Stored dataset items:
______________________________
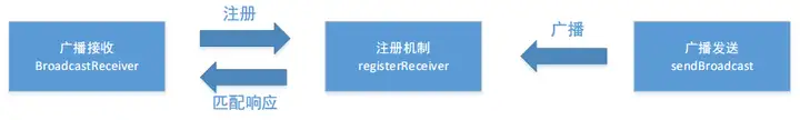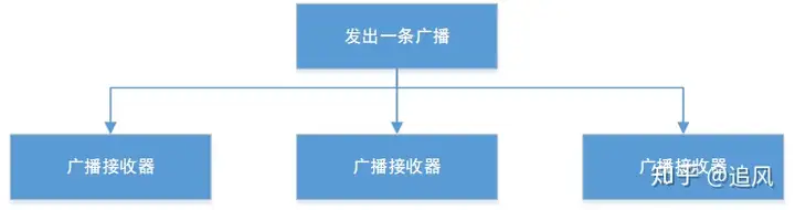 这和买彩票的流程是完全一致的,对于广播的发送者而言,自身只需要定义一条信号发出后就可以不用管了。而接收者作为被动接收方,它首先需要声明自己"想接收到什么信息",再进行注册,这样当广播信号传递时,它会根据自身想接收的信号与传递来的信号进行匹配,匹配成功就会响应这个信号。例如Android系统是图中的广播发送方,在低电量的时候,触发低电量广播,任何一个注册监听了系统低电量广播的程序都会响应这条广播。
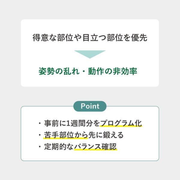 分割法は計画性が不十分だと、得意な部位や見た目に目立つ部位ばかりを優先しがちになる。結果として全体のバランスが崩れ、姿勢の乱れや動作の非効率につながる。筋力向上やボディメイクを目的とする場合、バランスの取れたプログラム設計が欠かせない。
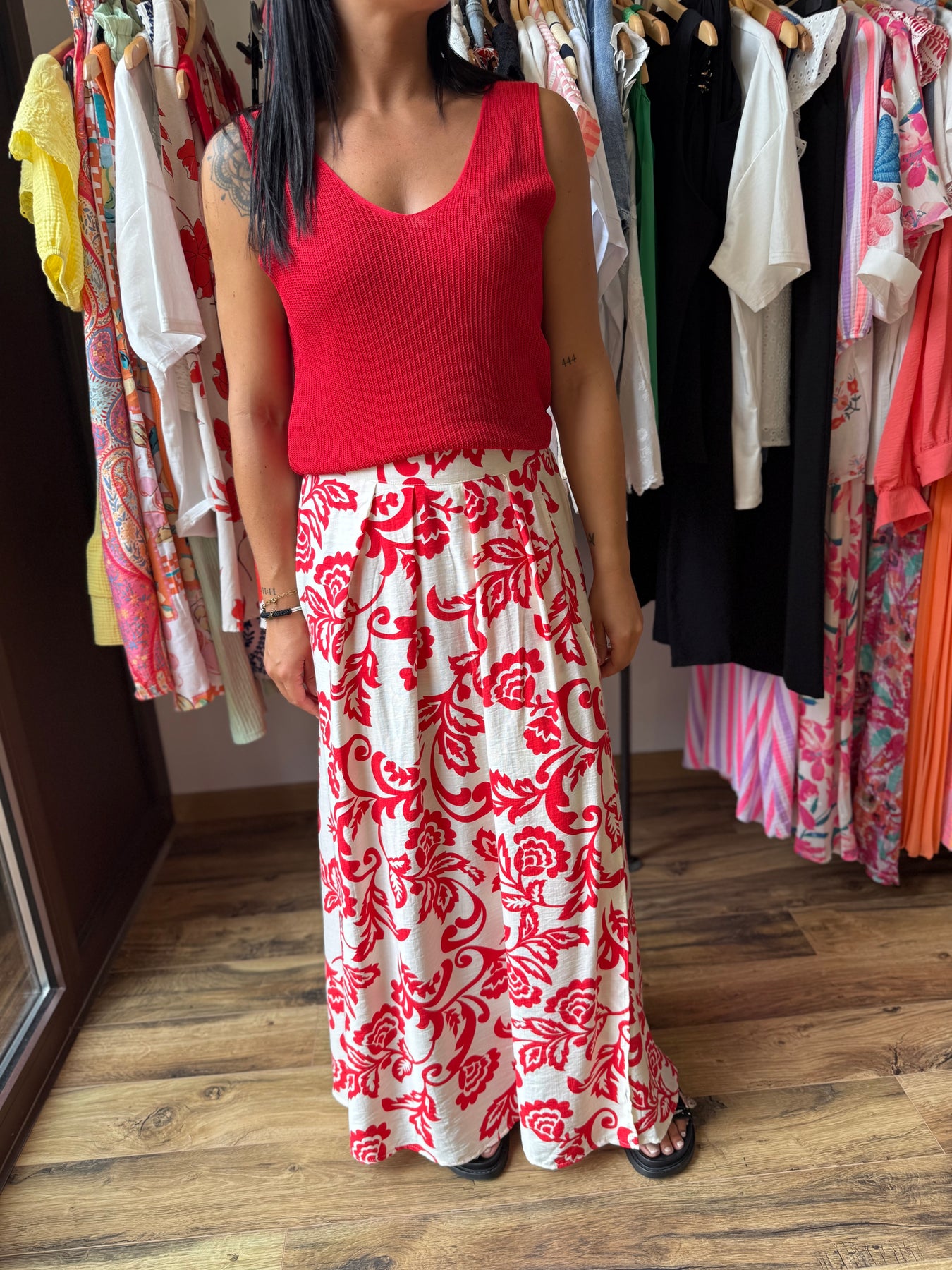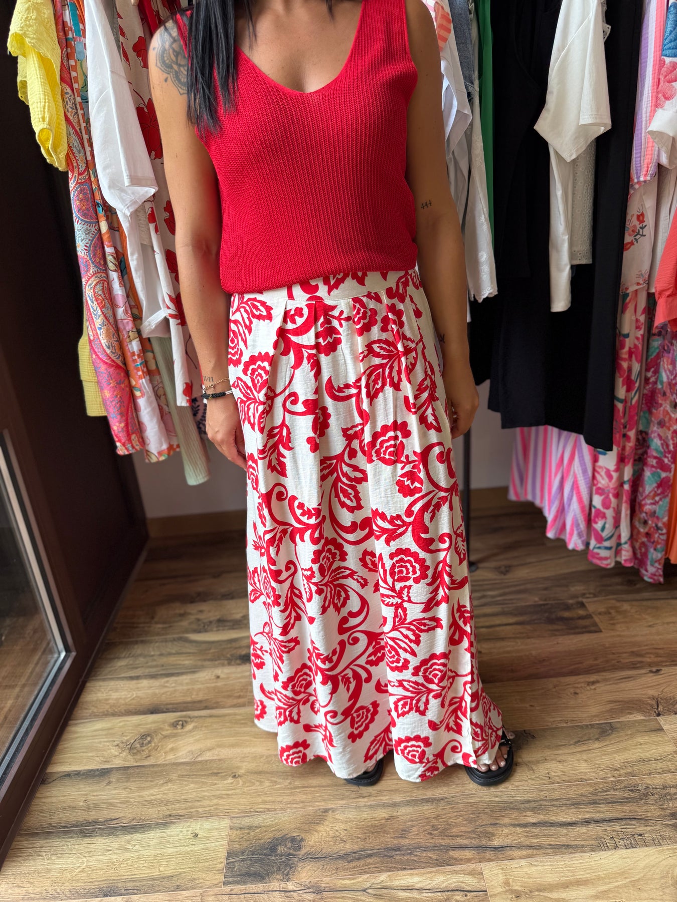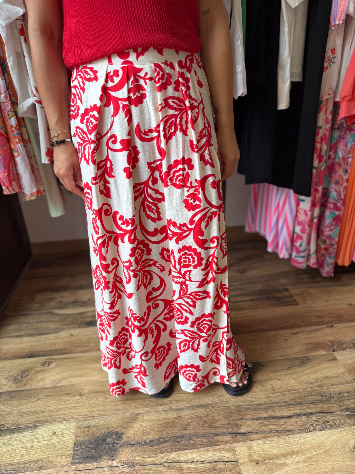 La jupe “Uxia” c’est l’élégance avec une touche de caractère 💃 Son imprimé rouge audacieux sur fond clair évoque un esprit bohème chic et solaire. On la porte ici avec le top “Odile” rouge pour un total look éclatant, mais elle fonctionne aussi très bien avec un top blanc, noir ou beige. Une pièce forte, facile à matcher, qui donne de l’allure à toutes les silhouettes.
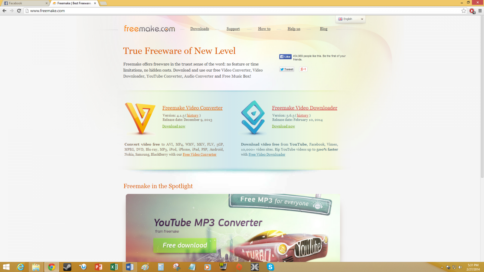 Bước 1: Truy cập trang www.freemake.com và click vào dòng Download Now màu xanh để tải file cài đặt.
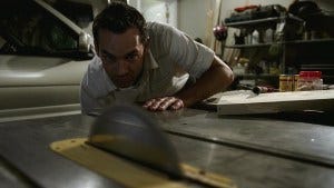 Suddenly as the guy goes to leave, the table saw starts up all on its own. The man turns back and goes over to investigate, leaning in and getting his face up close and personal.
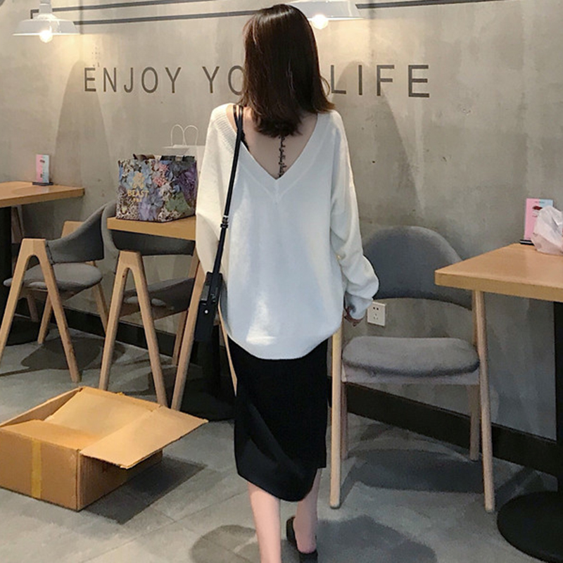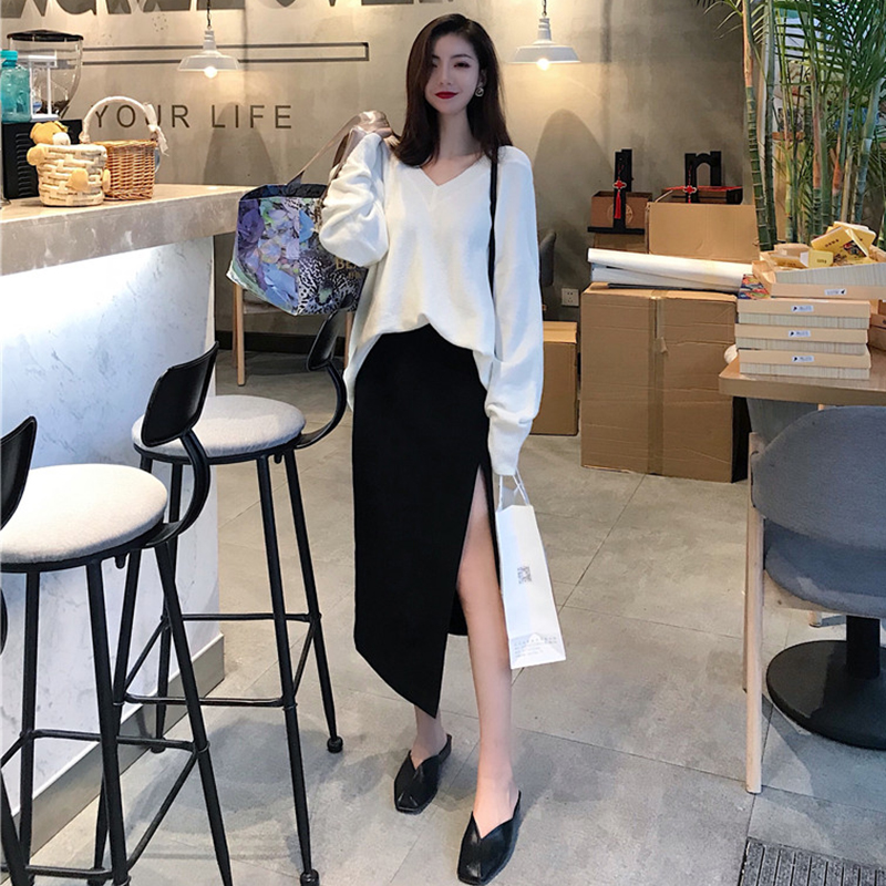/ 女秋裝2018新款慵懶寬松長袖V領毛衣純色上衣高腰開叉半身裙套裝
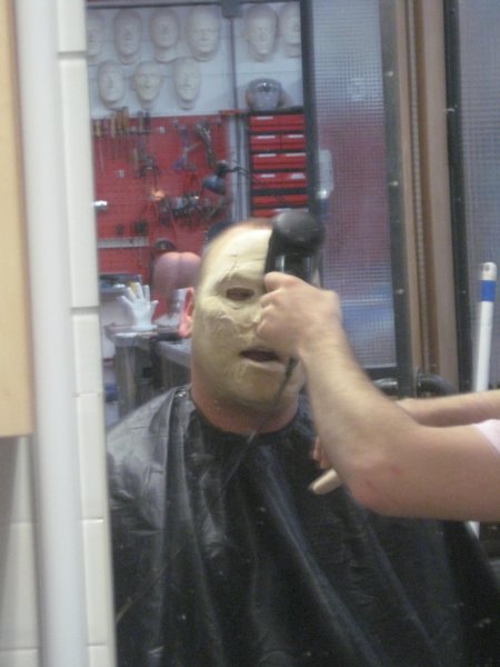 In order to get the eyes and lips to stick to the mask Erik uses a blowdryer.
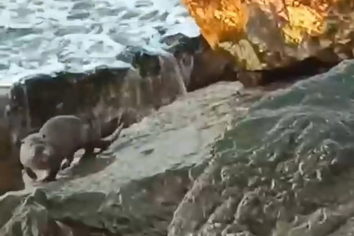 Sefer DEMİR / DÜZCE (İGFA) - Düzce'nin Akçakoca ilçe merkezine yakın kayalıklarda yaşadığı tespit edilen su samurunu kayıt altına alan İbrahim Bilgin, sevimli hayvana “Sumrucuk” adını verdi.
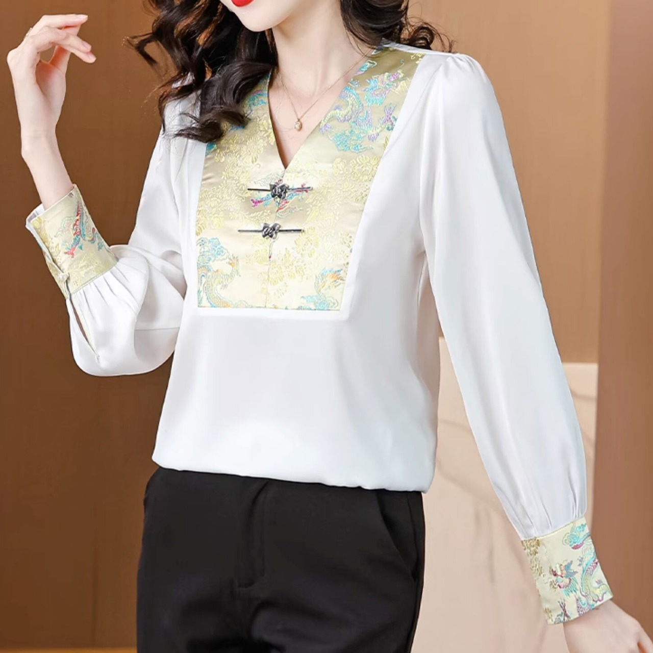 チャイナ風トップス 秋冬 Vネック 長袖 雅な風合い 高級感 上品 チャイナ風シャツ zt560
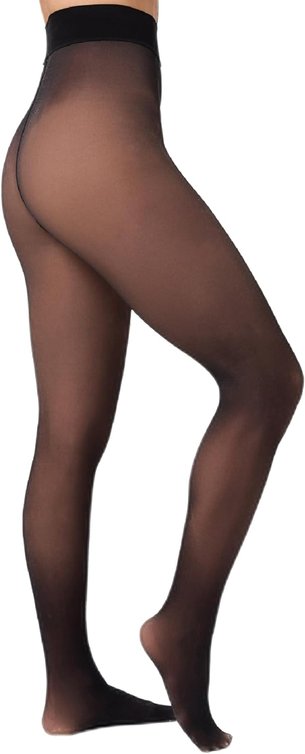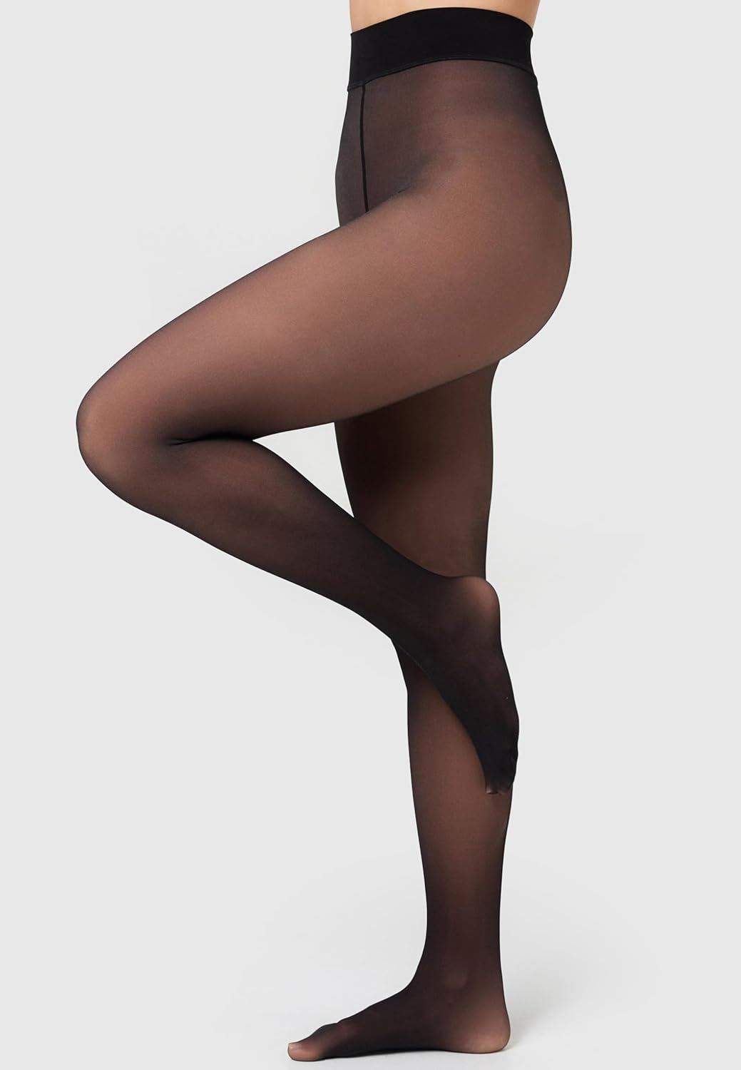 Colanți groși de 50 den cu aspect transparent de 20 den, aspect transparent datorită tehnicii speciale de tricotat. Interiorul de culoarea pielii strălucește prin colanți și îi face să arate transparent la exterior
______________________________
Treat the line with "Sefer DEMİR /" as the start and the line with "チャイナ風トップス 秋冬 Vネック" as the end, and return exactly that span of the data above, both ends included, without pictures.

COMPLETED EXERCISE.
 Sefer DEMİR / DÜZCE (İGFA) - Düzce'nin Akçakoca ilçe merkezine yakın kayalıklarda yaşadığı tespit edilen su samurunu kayıt altına alan İbrahim Bilgin, sevimli hayvana “Sumrucuk” adını verdi.
 チャイナ風トップス 秋冬 Vネック 長袖 雅な風合い 高級感 上品 チャイナ風シャツ zt560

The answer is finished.